- **Assigned task**
What must be handed in is the entire listing, exactly as written, with no pictures.

- **Collected material**
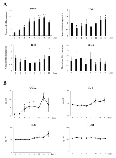 Long-term adipogenic differentiation mediated expression dynamics of adipokines in the adipocytes without any exogenous inflammatory triggers. The mRNA expression (A) and protein concentration (B) of CCL2, IL-6, IL-8 and IL-10 in adipocytes over the 20 days of culture as measured by RT-qPCR and ELISA, respectively. Data shown are the mean ± SD of three independent experiments performed in triplicates. The asterisks: (*) and (**) indicated statistical differences when compared with day 0 at the significance levels of p < 0.05 and p < 0.01, respectively.
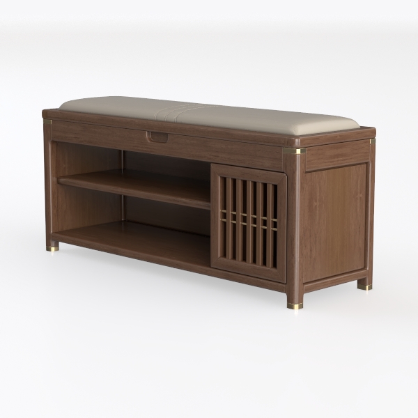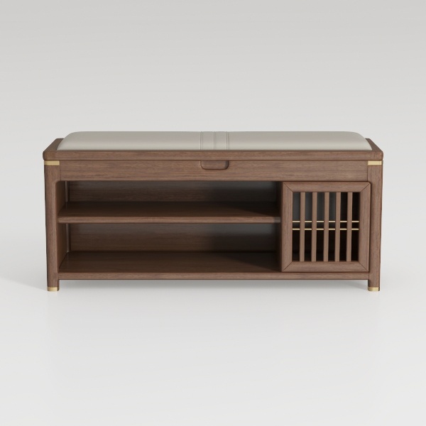 Inspired by natural wood grain and minimalist craftsmanship, this bench features warm, smooth wooden surfaces, a soft, light upholstered top, and subtle metal accents. It’s ideal for entryways or living rooms, blending modern minimalism with natural charm. With a spacious storage drawer, open shelves for daily essentials, and a slatted door design, it balances functionality and elegant aesthetics.
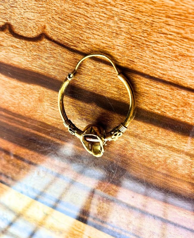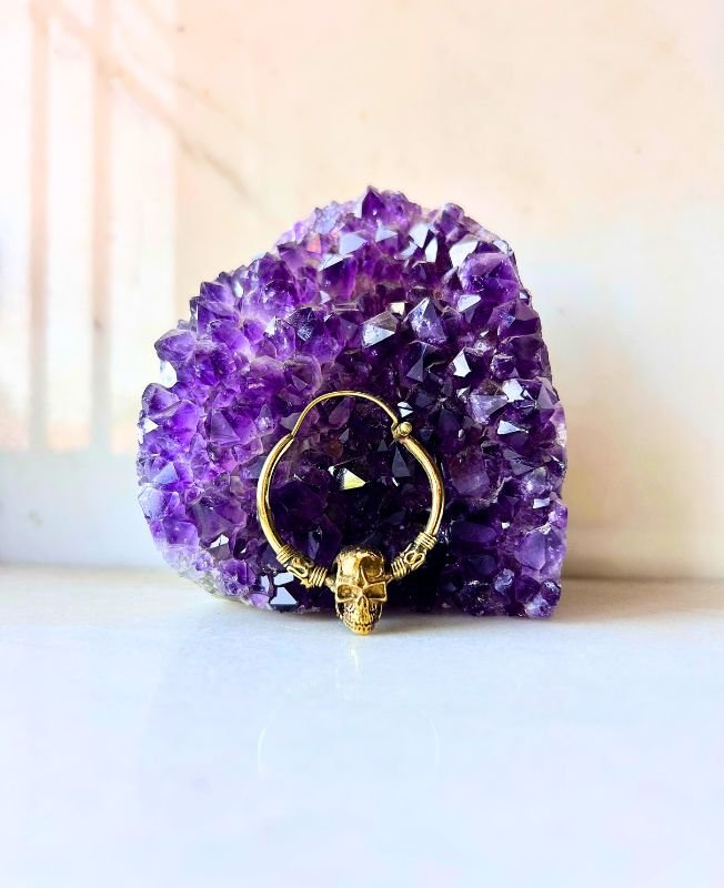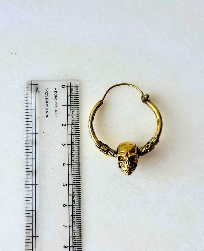 This striking brass hoop earring showcases a finely crafted skull centerpiece, blending tribal artistry with contemporary design. Made from solid brass, it exudes a warm, antique finish that adds depth and character. The skull motif symbolizes strength, transformation, and fearless individuality — making it a standout accessory for both men and women.

- **Written solution**
 Long-term adipogenic differentiation mediated expression dynamics of adipokines in the adipocytes without any exogenous inflammatory triggers. The mRNA expression (A) and protein concentration (B) of CCL2, IL-6, IL-8 and IL-10 in adipocytes over the 20 days of culture as measured by RT-qPCR and ELISA, respectively. Data shown are the mean ± SD of three independent experiments performed in triplicates. The asterisks: (*) and (**) indicated statistical differences when compared with day 0 at the significance levels of p < 0.05 and p < 0.01, respectively.
 Inspired by natural wood grain and minimalist craftsmanship, this bench features warm, smooth wooden surfaces, a soft, light upholstered top, and subtle metal accents. It’s ideal for entryways or living rooms, blending modern minimalism with natural charm. With a spacious storage drawer, open shelves for daily essentials, and a slatted door design, it balances functionality and elegant aesthetics.
 This striking brass hoop earring showcases a finely crafted skull centerpiece, blending tribal artistry with contemporary design. Made from solid brass, it exudes a warm, antique finish that adds depth and character. The skull motif symbolizes strength, transformation, and fearless individuality — making it a standout accessory for both men and women.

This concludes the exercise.